Les artistes de cette époque produisaient une variété d’ustensiles comme des pots à col, des amphores et des jarres pour conserver le grain. D’autres découvertes datant de cette époque ont aussi mis au jour des poteries représentant des animaux et oiseaux – ces dernières devant avoir une valeur décorative.

La longue et riche histoire de la poterie perse est liée à la position géographique unique du pays, à la croisée des civilisations antiques et sur la route de la soie où se croisaient de nombreuses caravanes. Ainsi, presque toutes les régions iraniennes, ont à un certain moment été engagées dans la production de poterie. Cependant, les fouilles archéologiques ont montré sur le plateau iranien, quatre régions principales étaient particulièrement célèbres pour leurs poteries. Il s’agit du Lorestan (à l’ouest des monts Zagros), du sud de la mer Caspienne (provinces du Gilan et du Mazandaran), au nord-ouest du pays dans la province d’Azerbaïdjan et dans le sud-est du pays (Kerman et Balouchestan). On peut aussi ajouter à ces régions, une partie du désert (kavir) du plateau central d’où proviennent des vestiges datant de -8000 avant JC.

La poterie est l’une des formes d’arts les plus anciennes en Perse – comme le montre la découverte de poteries datant de -5000 av JC lors de fouilles dans des monts funéraires (tappeh). 

Influencés par les techniques pratiquées dans les territoires conquis, les potiers perses ont développé de de nouvelles formes et de nouveaux styles pour produire les fins objets qui caractérisent les céramiques persanes.
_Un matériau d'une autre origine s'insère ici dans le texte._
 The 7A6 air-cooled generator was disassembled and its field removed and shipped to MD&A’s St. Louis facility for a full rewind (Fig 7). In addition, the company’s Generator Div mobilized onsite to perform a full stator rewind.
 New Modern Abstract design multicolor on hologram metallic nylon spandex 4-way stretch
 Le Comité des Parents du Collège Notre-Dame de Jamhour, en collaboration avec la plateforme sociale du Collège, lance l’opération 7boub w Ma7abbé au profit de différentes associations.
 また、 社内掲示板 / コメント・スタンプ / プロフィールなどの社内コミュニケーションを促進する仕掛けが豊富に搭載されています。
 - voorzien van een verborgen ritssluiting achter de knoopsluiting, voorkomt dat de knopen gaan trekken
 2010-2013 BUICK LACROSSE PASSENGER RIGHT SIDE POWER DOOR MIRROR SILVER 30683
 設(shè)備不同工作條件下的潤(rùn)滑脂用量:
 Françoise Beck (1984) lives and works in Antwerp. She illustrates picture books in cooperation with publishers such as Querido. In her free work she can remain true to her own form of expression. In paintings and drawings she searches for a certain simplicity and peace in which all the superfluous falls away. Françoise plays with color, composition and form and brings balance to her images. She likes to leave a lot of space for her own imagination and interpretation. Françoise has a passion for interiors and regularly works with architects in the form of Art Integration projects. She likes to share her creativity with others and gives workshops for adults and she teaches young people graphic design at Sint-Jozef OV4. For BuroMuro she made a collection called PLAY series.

Ces objets raffinés étant destinés à décorer les maisons des riches et puissants ou à les offrir en présents à l’étranger, l’industrie de la poterie a reçu un important patronage des princes.

Après l’invasion arabe de la Perse au 7e siècle, les Arabes ont repris la technique de vernissage du verre et de la céramique qu’ils ont importé jusqu’en Andalousie et qui est connue maintenant sous le nom de style hispano-mauresque. En Perse, des fragments ont été retrouvés dans les ruines de Rhages qui a été détruite en 1250.
La peinture et l’enluminure a d’abord été utilisées pour décorer divers manuscrits ainsi que des publications du Coran mais des objets datant du 13e siècle et retrouvés près de Téhéran indiquent un style persan unique.
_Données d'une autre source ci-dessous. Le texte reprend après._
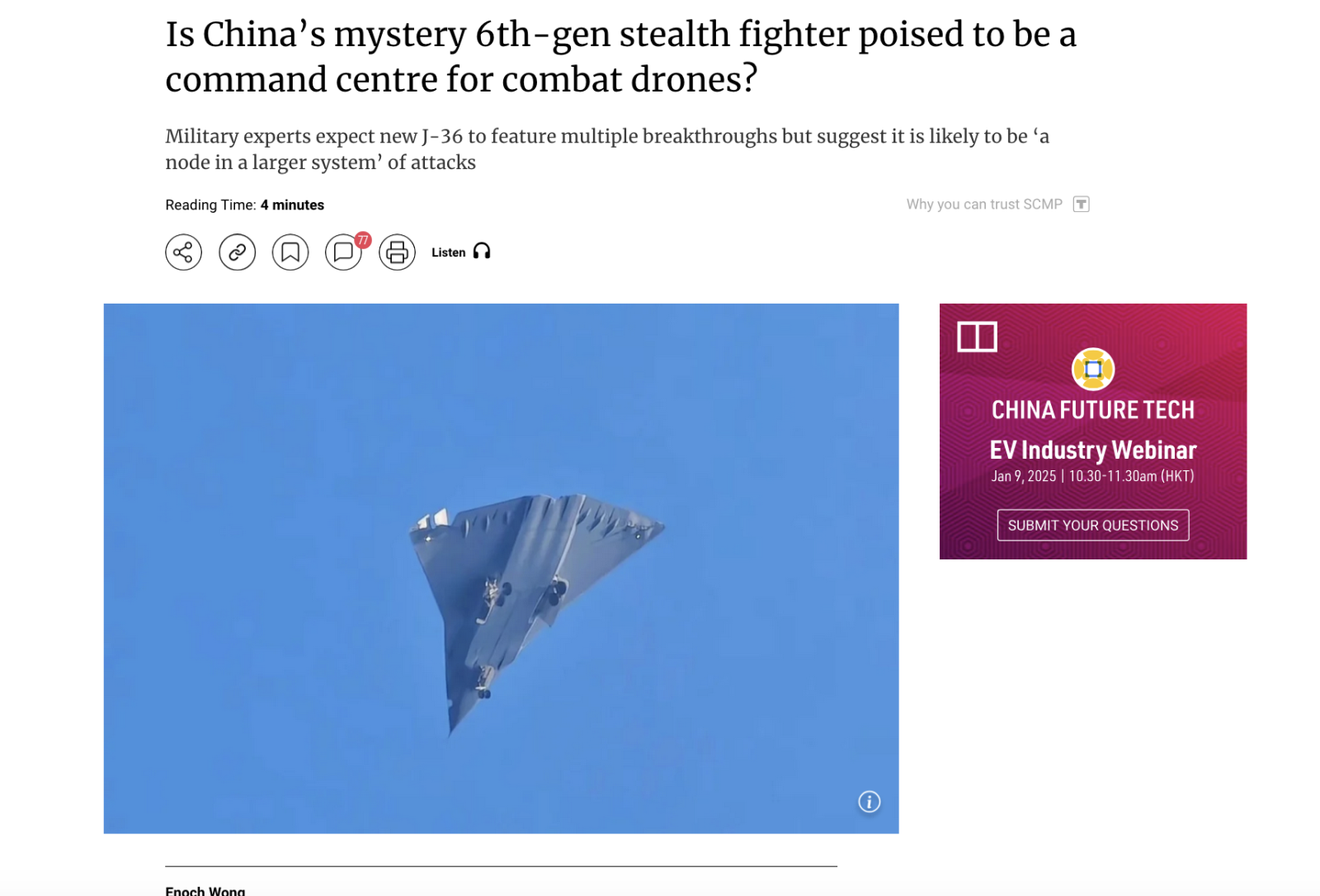 Bài viết đăng trên tờ Bưu điện Hoa Nam Buổi sáng ngày 6/1/2025 đặt câu hỏi về khả năng chiến đấu cơ thế hệ 6 bí ẩn của Trung Quốc trở thành trung tâm chỉ huy thiết bị bay không người lái trên đấu. Ảnh chụp màn hình

L’art achéménide a lui aussi influencé les artistes de la région, comme on peut le remarquer dans l’art ancien indien, qui a probablement été en contact avec l’art achéménide en Bactriane. L'argenterie, le vitrail, le travail d'orfèvrerie, et le travail d'incrustation sont tous largement représentés dans l'art achéménide.

L’artisanat de la céramique a connu un grand changement au 11e siècle sous l’influence de la porcelaine venue de Chine. Les potiers persans ont essayé de copier la porcelaine chinoise mais sans succès car il leur manquait le kaolin, fine argile utilisée pour la production de porcelaine.
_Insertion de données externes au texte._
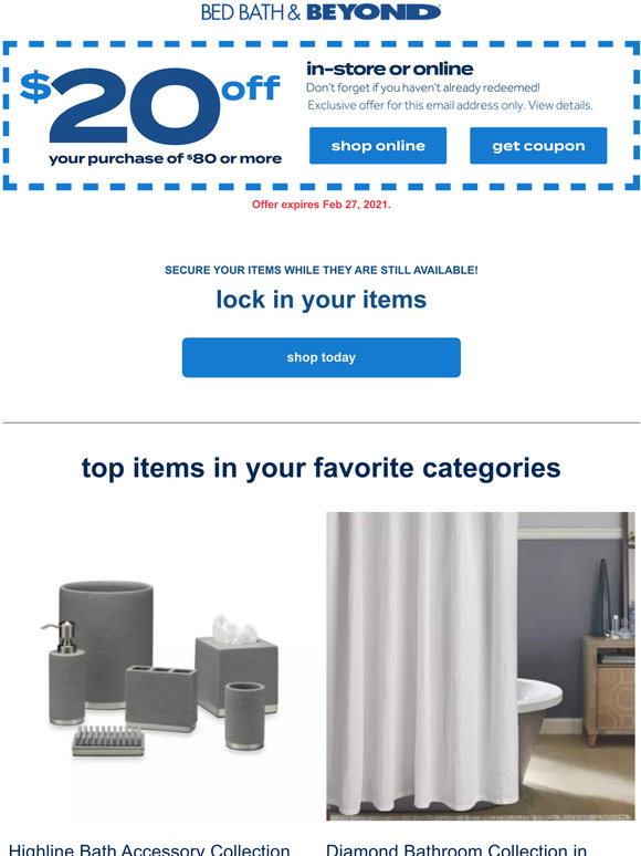 And while you're there, sign up for emails to get alerts about discounts and more, right in your inbox. Bed bath & beyond has products for just about every room in your room. Find 28 live & verified coupon codes ready for april 2021.
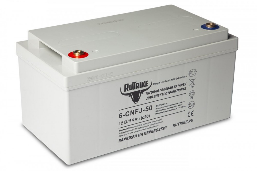 Зарядка должна осуществляться оригинальным зарядным устройством Rutrike, или проверенным, соответствующим характеристикам устройством заводского изготовления в соответствии с инструкцией к этому зарядному устройству и требованиями к напряжению и силе тока. Зарядное устройство должно быть импульсным, полностью автоматическим, с функцией десульфатации пластин, специально предназначенное для тяговых аккумуляторных батарей.
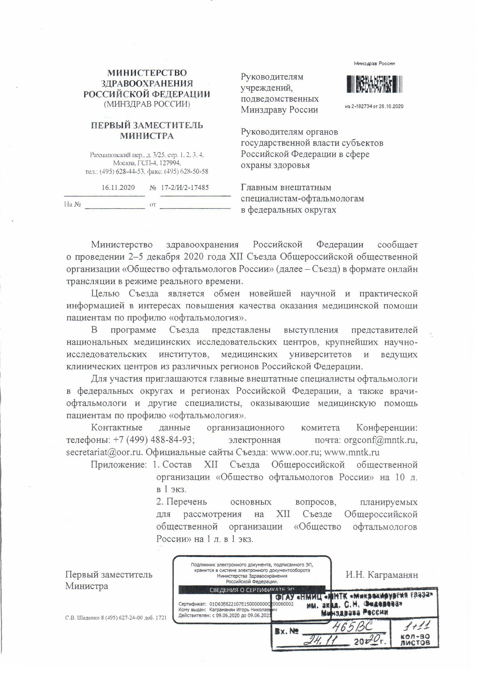 Министерства здравоохранения Российской Федерации о проведении XII Съезда Общества Офтальмологов России.
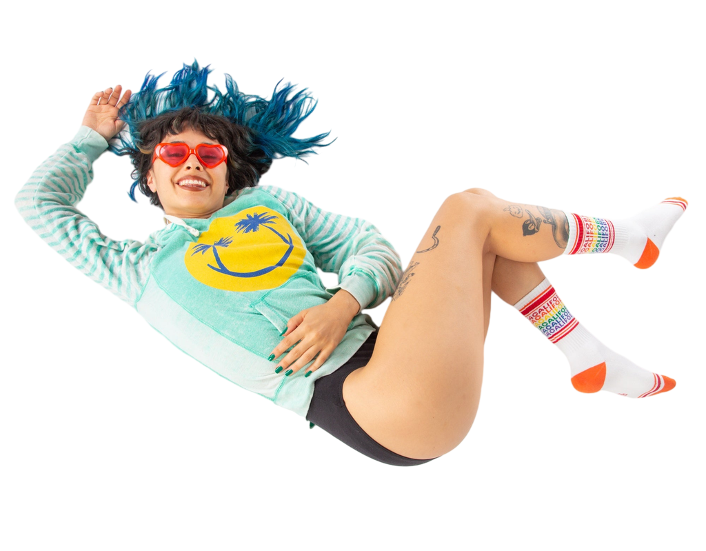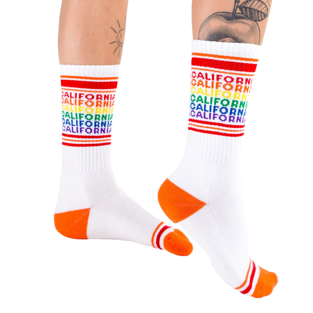 Show your love for the Golden State with these California rainbow state socks! White and rendered in big, fluffy letters stacked from toe to the top cuff of the socks, the word "CALIFORNIA" comes alive in neon orange, blue, yellow, and green. Two orange stripes adorn each sock above the ankle and an orange toe and heel completes the look. These extra long crew length socks are perfect for any native, transplant, or future sunshine state enthusiast!
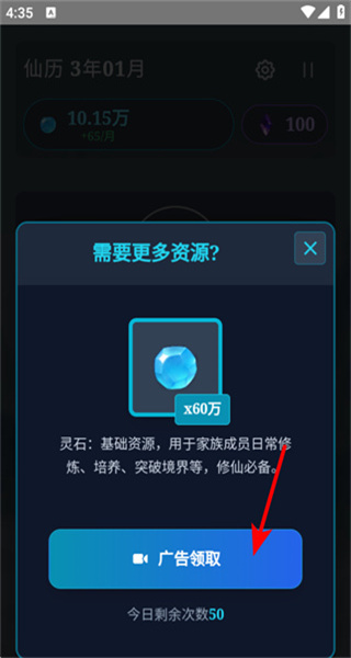 4、当弹出资源获取提示时,点击红色箭头指向的广告领取按钮,可获得60万灵石,补充修行资源。

Les céramiques de la ville de Nishapour (est de l’Iran) et de Rey (sud de Téhéran) – caractérisées par la technique du sgraffite sont un bel exemple de l’influence de la poterie chinoise. La technique du sgraffite comprend l’application de deux émaux puis la gravure d’un motif dans la glaçure. Le vert et le jaune sont les couleurs les plus utilisées et les sujets représentent souvent des oiseaux. Les poteries décorées en Sgraffite sont apparues au 10ème siècle, à la suite de l’introduction des céramiques sous engobe à glaçure polychrome au siècle précédent. Le sgraffite s’est rapidement répandu en Iran entre le 10ème et le 12ème siècle, avec plusieurs centres de production, puis dans le reste du monde musulman, en particulier en Syrie et en Palestine.